▶ _Prompt_
The material below has pictures in it. Set down only the lines from the line containing "After weather and" through the line containing "This black Kora", word for word, and leave the pictures behind.

▶ _Extracted data_
┌────────

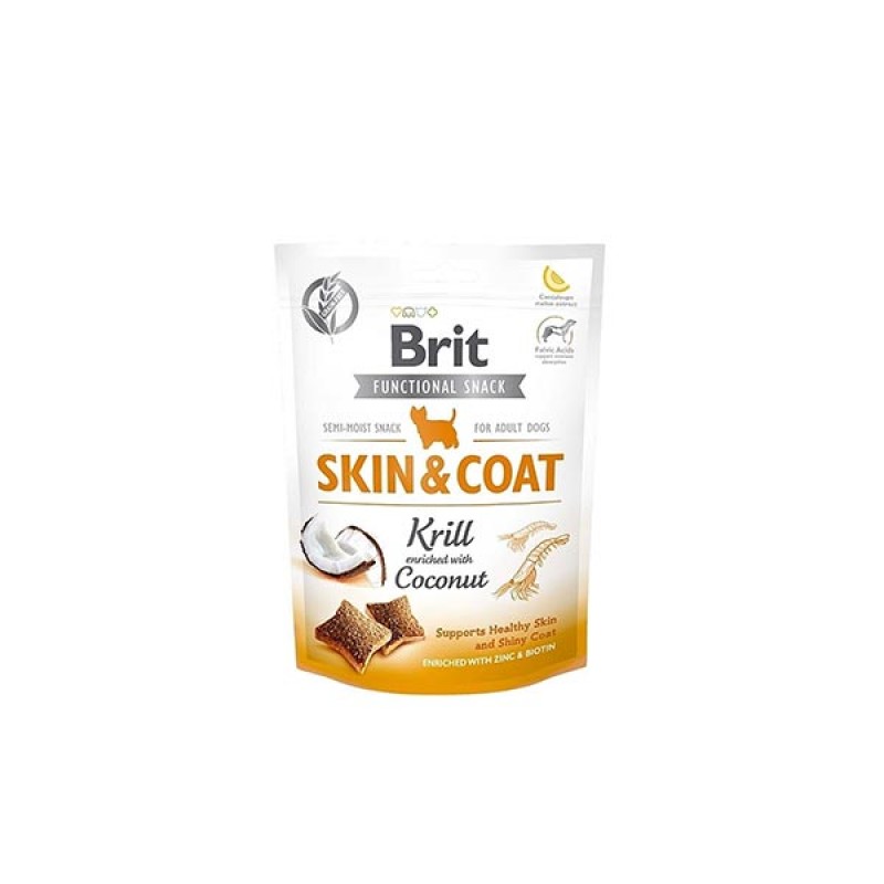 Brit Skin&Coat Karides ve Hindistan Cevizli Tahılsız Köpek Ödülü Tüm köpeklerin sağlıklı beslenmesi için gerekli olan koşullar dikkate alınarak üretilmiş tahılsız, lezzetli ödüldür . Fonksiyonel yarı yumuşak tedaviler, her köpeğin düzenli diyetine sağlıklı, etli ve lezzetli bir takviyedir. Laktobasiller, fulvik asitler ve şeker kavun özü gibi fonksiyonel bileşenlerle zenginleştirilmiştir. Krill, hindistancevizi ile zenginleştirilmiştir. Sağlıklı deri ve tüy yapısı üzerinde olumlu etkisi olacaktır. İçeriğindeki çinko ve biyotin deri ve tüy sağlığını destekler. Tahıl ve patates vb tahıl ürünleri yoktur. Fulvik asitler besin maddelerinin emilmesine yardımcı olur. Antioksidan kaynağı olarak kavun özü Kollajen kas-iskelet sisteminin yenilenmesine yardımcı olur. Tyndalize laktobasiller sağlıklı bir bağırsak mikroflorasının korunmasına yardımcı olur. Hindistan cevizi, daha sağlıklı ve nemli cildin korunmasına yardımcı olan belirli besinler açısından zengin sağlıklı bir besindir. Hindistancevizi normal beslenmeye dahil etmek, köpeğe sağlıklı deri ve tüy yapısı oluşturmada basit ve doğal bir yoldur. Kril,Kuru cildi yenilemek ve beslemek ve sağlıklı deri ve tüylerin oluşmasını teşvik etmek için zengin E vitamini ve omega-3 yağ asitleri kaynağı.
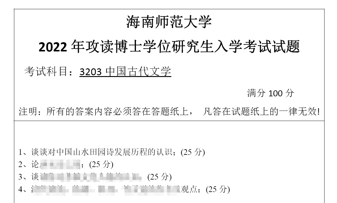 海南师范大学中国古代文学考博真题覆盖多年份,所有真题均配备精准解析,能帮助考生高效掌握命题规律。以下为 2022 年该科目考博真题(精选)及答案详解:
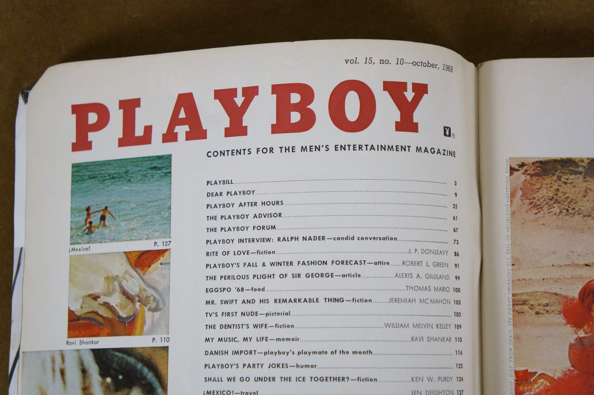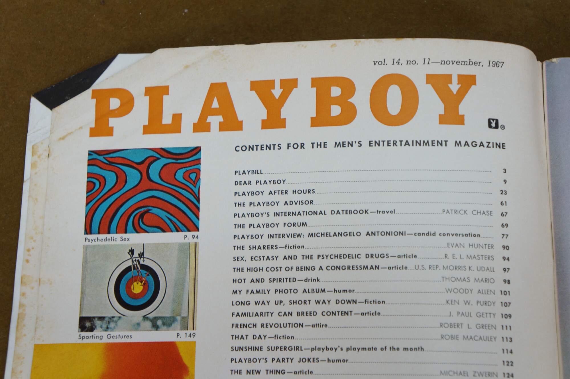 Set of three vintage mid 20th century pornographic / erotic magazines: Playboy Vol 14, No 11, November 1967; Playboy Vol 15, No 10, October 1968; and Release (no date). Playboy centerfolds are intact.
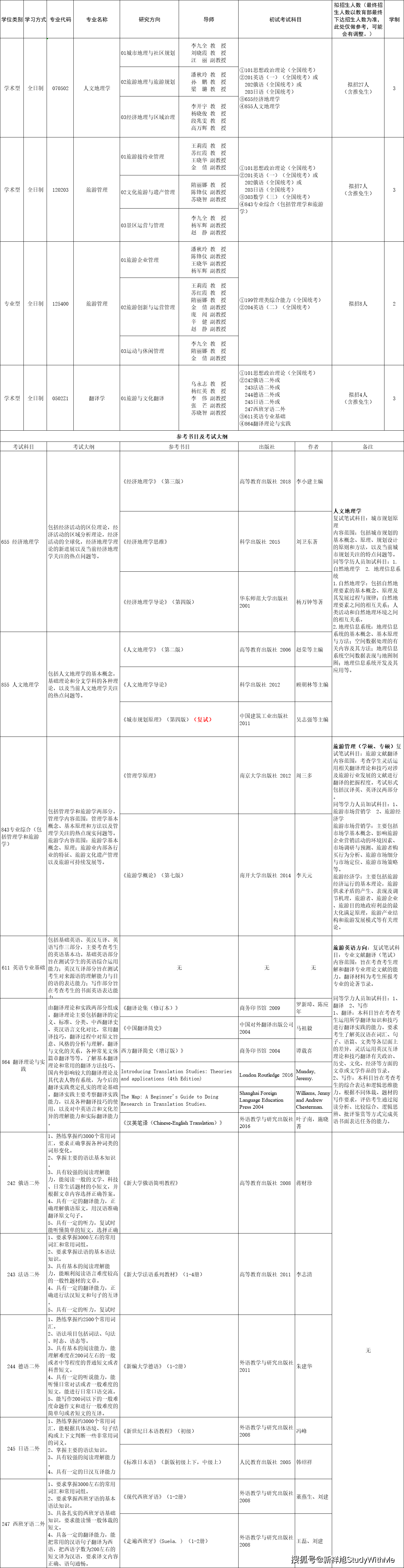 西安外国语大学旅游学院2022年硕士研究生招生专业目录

└────────
┌────────

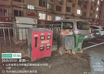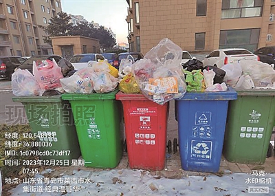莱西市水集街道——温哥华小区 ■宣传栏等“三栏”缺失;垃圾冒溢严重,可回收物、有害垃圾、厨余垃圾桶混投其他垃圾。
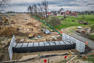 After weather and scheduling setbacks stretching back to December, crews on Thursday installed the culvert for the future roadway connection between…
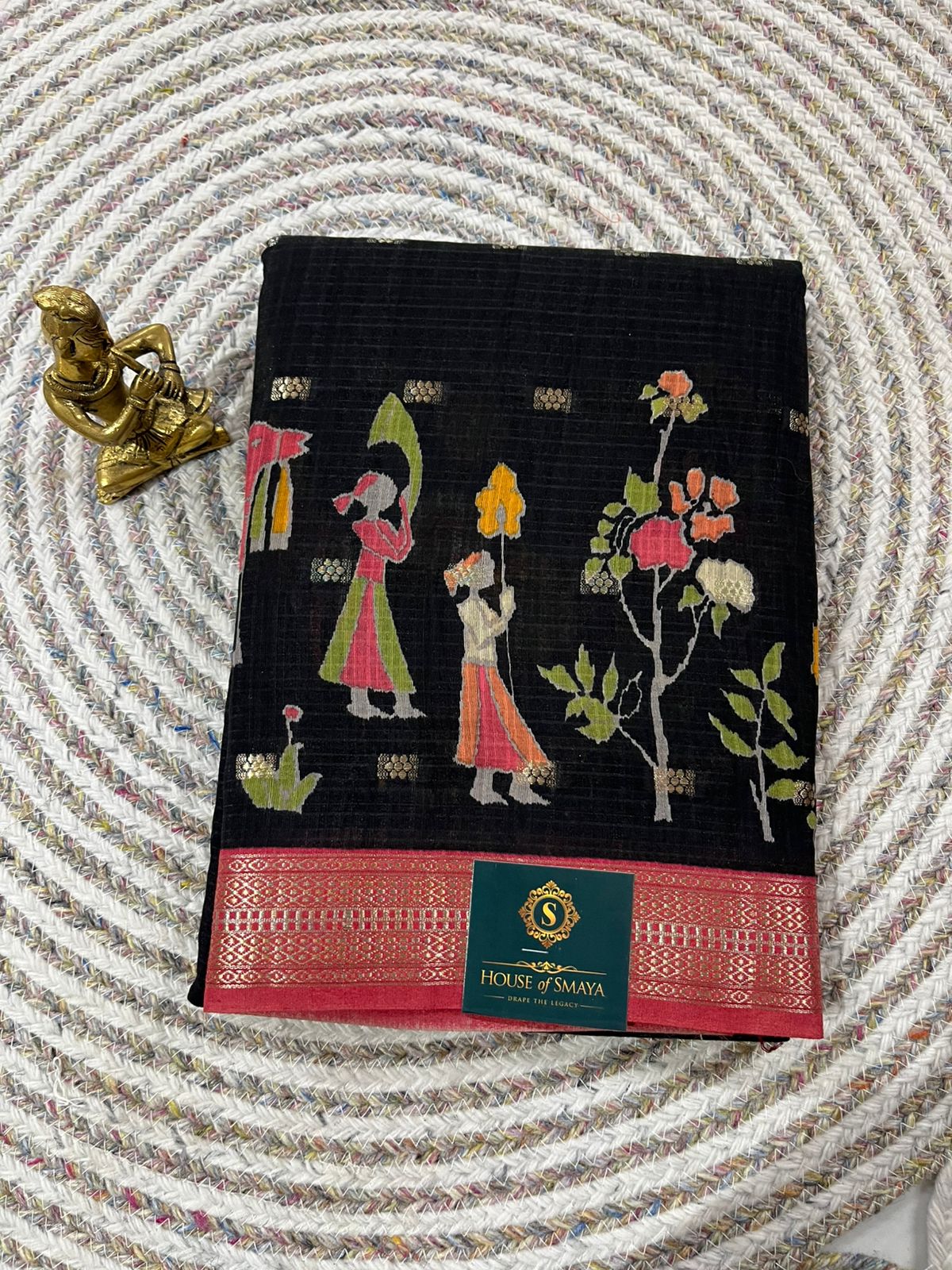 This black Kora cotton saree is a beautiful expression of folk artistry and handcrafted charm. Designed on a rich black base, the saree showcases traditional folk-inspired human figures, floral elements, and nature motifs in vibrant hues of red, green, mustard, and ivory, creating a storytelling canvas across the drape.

└────────

▶ _Written reply_
 After weather and scheduling setbacks stretching back to December, crews on Thursday installed the culvert for the future roadway connection between…
 This black Kora cotton saree is a beautiful expression of folk artistry and handcrafted charm. Designed on a rich black base, the saree showcases traditional folk-inspired human figures, floral elements, and nature motifs in vibrant hues of red, green, mustard, and ivory, creating a storytelling canvas across the drape.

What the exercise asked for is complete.